To give some examples of queries to AI engines, we know that ChatGPT responded as follows to some ‘provocative’ questions on access to protected content.
“I cannot promote or provide you with information on illegal or copyright infringing sites. Downloading copyrighted material without permission is a violation of copyright laws and may result in legal penalties. I advise you to find legal sources to purchase or read the material you are looking for.”
“[…] as an AI model trained by OpenAI, I do not have the ability to access or download copyrighted material. I rely only on publicly available information and knowledge to provide you with accurate and reliable answers’.
However, ChatGPT stated that he had read ‘many books by Italo Calvino’ but also that ‘as the AI model of OpenAI, I don’t have the ability to read books, but I can give you general information about…’.
There is therefore a potential issue of copyright infringement both upstream (in the dataset being used) and downstream, depending on the uses to be made of these systems, once they begin to be more open and customisable.

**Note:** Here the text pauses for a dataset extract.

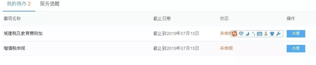 登录进来以后,我们可以看到,在“我的待办”下面,有两项需要待办的事情,我们今天主要是进行增值税申报,因此,在增值税申报的后面,我们点一下“办理”,即可打开小规模增值税申报表

If it is likely that among the billions of contents used in the current dataset only a fraction are counterfeit, what can we expect once we have the possibility of instructing the system through (even protected) contents of our choice? Will it be possible to use artificial intelligence to obtain the summary of a study book, to prepare a report or a dissertation from bibliographies of our choice, will it be possible to provide the machine with all the works of our favourite writer so that it can produce a story invented by us, but written as he would have done, or so that it can translate a work into another language? In other words, will AI be able to be used to produce creative works? If so, there is no doubt that the content produced, in the absence of the consent of the rights holders of the works used to train artificial intelligences, will have to be considered illegal.
But on the subject of the protection of content generated by artificial intelligence, there is another aspect to consider. We are certainly undergoing the fascination of technological novelty and we enjoy challenging it to explore its possibilities, but we must not forget that it is currently limited to answering our questions, which may certainly be simple but could also be so complex, so structured, so articulated as to deserve protection. And if the question deserves protection, why should not the answer also deserve it?